JEAN MOLINET
Je suis Simon Marmion vif et mort,
Mort par nature et vif entre les hommes ;
Apprés le vif, moy vif, paindi la mort,
Qui durement m'a point et qui s'amort
A mordre tous, comme nous que mors sommes.
Quand j'ay les mortz, dormans les pesans sommes,
Resuscité par vif art de paincture,
Aux vivans suis de la mort pourtraicture.

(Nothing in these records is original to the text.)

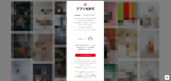 4. Pinterestアドのログイン画面が表示されますので、Databeatにご登録いただく予定の広告アカウントの権限をお持ちのログインアカウントでログインしてください。
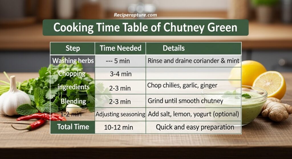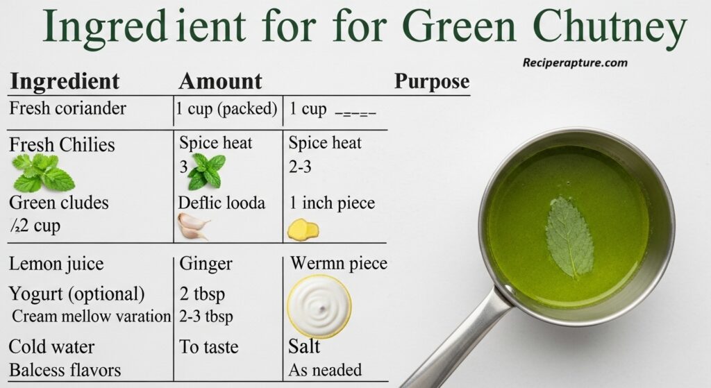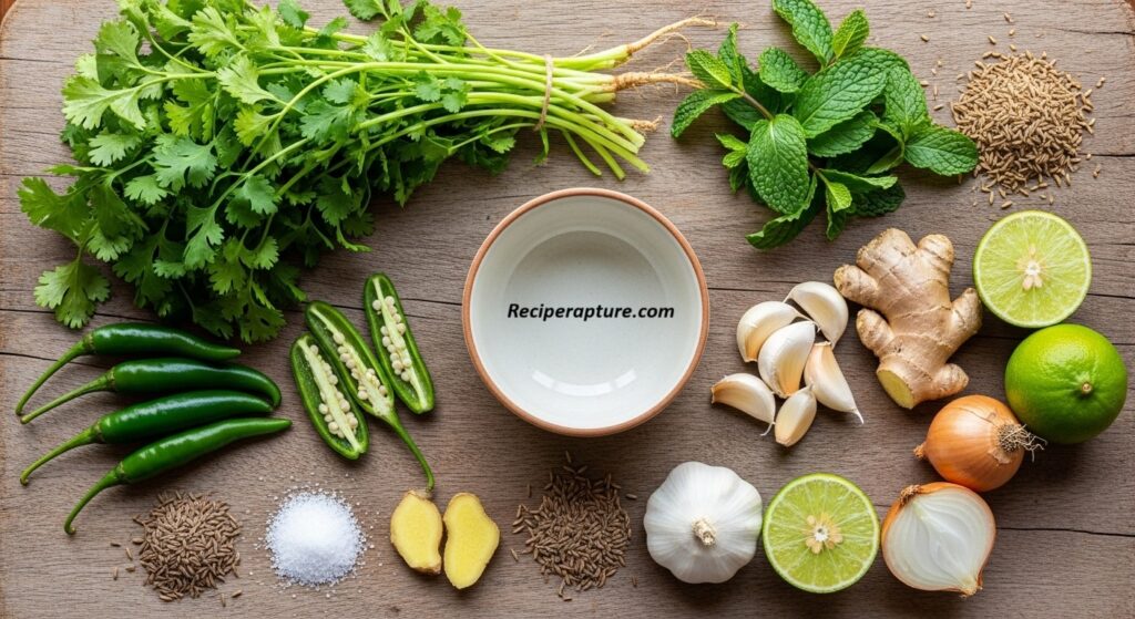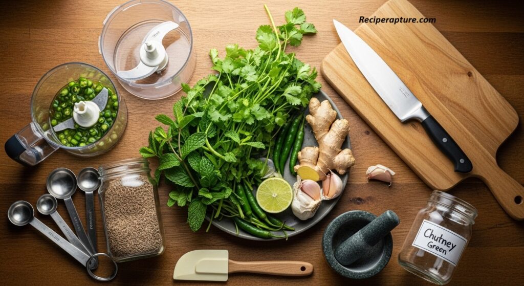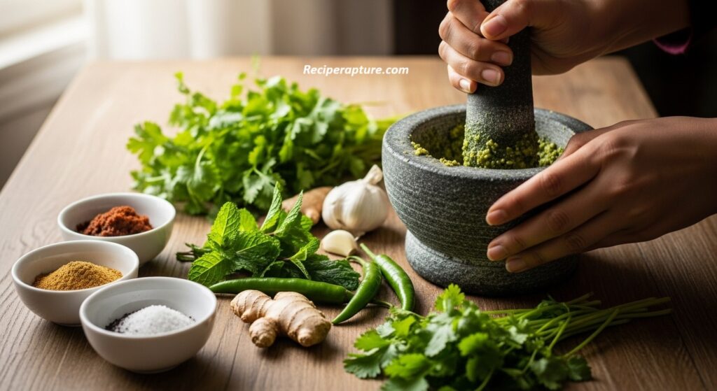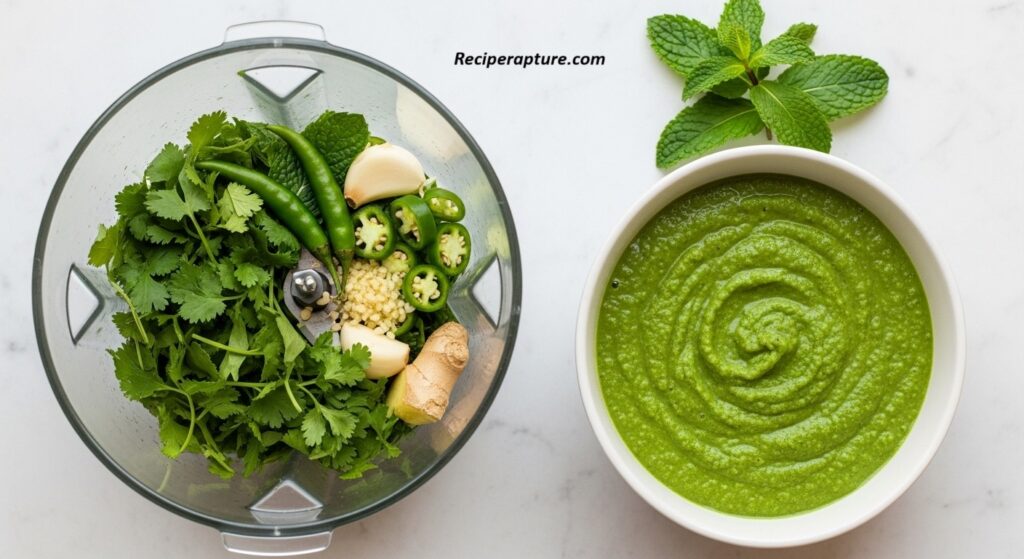 Start by washing coriander and mint leaves thoroughly to remove grit. Roughly chop green chilies, ginger, and garlic to make blending easier. If using yogurt, whisk it separately until smooth. Prepare lemon juice for tang. Set aside all ingredients, as blending should be quick to retain the chutney’s vibrant green color.
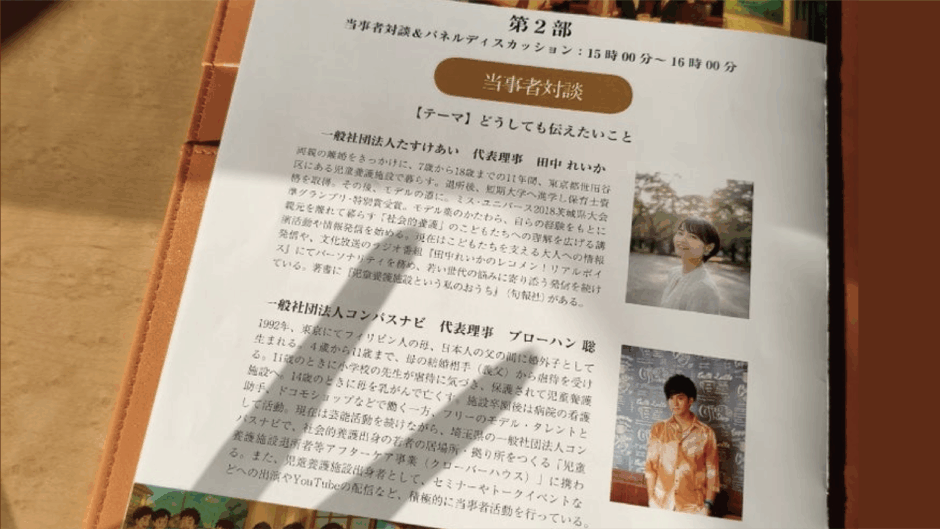 当事者対談で「どうしても伝えたいこと」をテーマに、一般社団法人コンパスナビの代表理事・ブローハン聡さんと一緒に登壇しました。生活のことや活動のこと、これからのこと、ユース第一世代の話まで、多角的な視点で深く語り合える貴重な時間に。
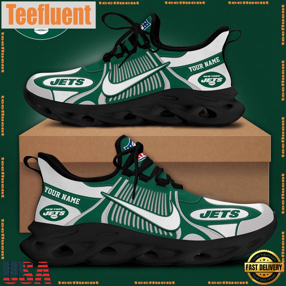 NFL New York Jets Blue White Stripes Logo Custom Clunky Max Soul Shoes – NFL Fan Gifts
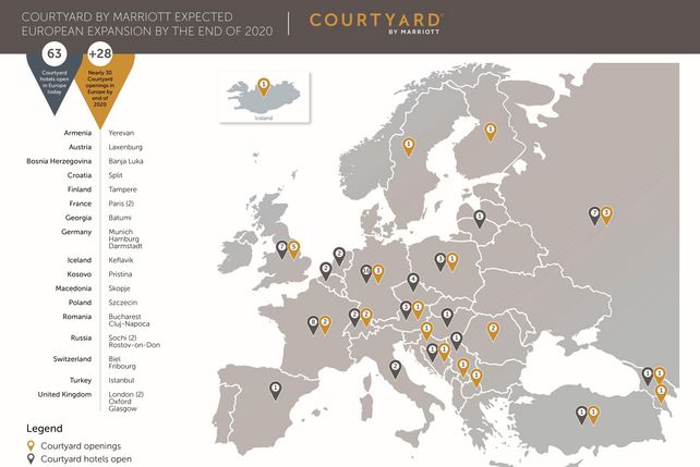 Courtyard wird zudem innerhalb der kommenden zwei Jahre voraussichtlich in zahlreichen Ländern neu Fuß fassen, darunter Rumänien (Cluj-Napoca, Bukarest Floreasca), Armenien (Jerewan), Kroatien (Split), Finnland (Tampere), Island (Keflavík), Georgien (Batumi) sowie Mazedonien (Skopje).
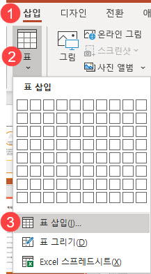 1. [삽입] > [표] > [표] > [표 삽입]을 선택합니다.
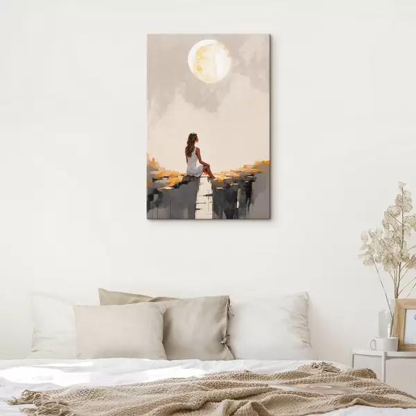 Maalid Tüdruk valges kleidis istub suure kuu all Nr s45621

Du maistre painctre, a qui devons homaige,
Tellement fus painct et enluminé
Qu'il me crea a sa divine ymage ;
Autres, voians mon traict et mon limage,
Ont aprés moy leur œuvre patronné ;
Quand j'ay tout painct et tout ymaginé,
La mort terrible a brouillé mes couleurs :
Au resveiller sont les grefves douleurs.
Ciel, soleil, feu, air, mer, terre visible,
Mestaux, bestaulx, herbis, habitz bruns, pers,
Boys, bleds, champs, prés et toute rien pingnible,
Par art fabrile ay attaint le possible,
Autant ou plus que nul des plus expers,
Tant vivement que nul bruit je n'y pers,
Car j'ay pourtrait tel mort gisant soubz lame
Qu'il semble vif et ne reste que l'ame.
Les oeilz ont pris doulce reffection,
En mes exploictz tant propres et exquis
Qu'ils ont donné grande admiration,
Riant object et consolation
Aux empereurs, rois, comtes et marquis ;
J'ay decoré, par art et sens acquis,
Livres, tableaux, chappelles et aultelz,
Tels que pour lors n'estoient gueres de telz.
Painctres mortels, qui prenés patronnaiges
Sur mes couleurs verdes, noires et blanches,
Quand vous avés pourtraict vos personnaiges,
Apprez les miens, dont grand sont les sonnaiges,
Octroyez nous vos doulces bienveillances ;
Priez aux sainctz, dont j'ay fait les semblances,
Que l'eternel painctre pardon nous face,
Sy que lassus je tire aprés sa face.
Le jour et l'an de la nativité
Nostre Seigneur, mil avec quatre cens
Quatre vingt neuf, lors fort debilité,
La fiere mort, par son habileté,
Me despouilla ame, coeur, force et sens.
Vous qui voyez ces ymages presens,
Priez Sainct Luc, dont vecy la chappelle,
Que Dieu lassus en sa gloire m'appelle.